YOUR TASK: Your copy must hold all of the data below, unchanged and without images.
=== DATA BELOW ===
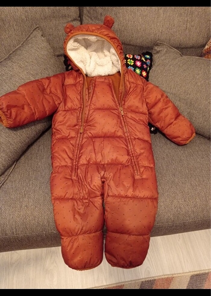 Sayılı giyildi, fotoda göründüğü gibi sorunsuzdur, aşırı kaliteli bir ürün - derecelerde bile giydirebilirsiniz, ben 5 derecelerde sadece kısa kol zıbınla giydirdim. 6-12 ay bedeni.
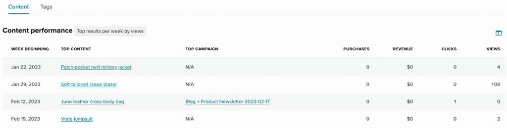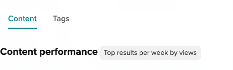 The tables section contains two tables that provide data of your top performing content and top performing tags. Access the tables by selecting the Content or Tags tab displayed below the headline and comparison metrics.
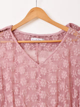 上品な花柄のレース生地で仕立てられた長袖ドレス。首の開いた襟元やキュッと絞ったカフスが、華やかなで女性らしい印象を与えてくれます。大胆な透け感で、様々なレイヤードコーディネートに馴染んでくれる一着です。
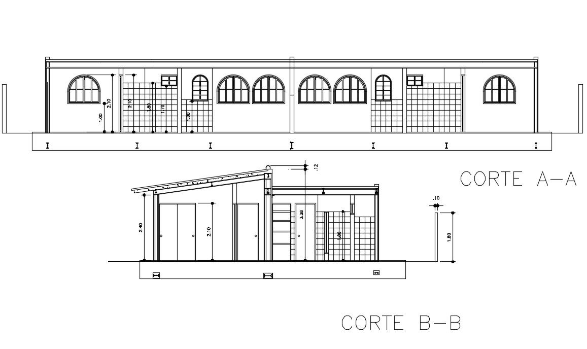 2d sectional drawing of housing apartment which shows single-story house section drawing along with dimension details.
===
PROBLEM SOLUTION:
 Sayılı giyildi, fotoda göründüğü gibi sorunsuzdur, aşırı kaliteli bir ürün - derecelerde bile giydirebilirsiniz, ben 5 derecelerde sadece kısa kol zıbınla giydirdim. 6-12 ay bedeni.
 The tables section contains two tables that provide data of your top performing content and top performing tags. Access the tables by selecting the Content or Tags tab displayed below the headline and comparison metrics.
 上品な花柄のレース生地で仕立てられた長袖ドレス。首の開いた襟元やキュッと絞ったカフスが、華やかなで女性らしい印象を与えてくれます。大胆な透け感で、様々なレイヤードコーディネートに馴染んでくれる一着です。
 2d sectional drawing of housing apartment which shows single-story house section drawing along with dimension details.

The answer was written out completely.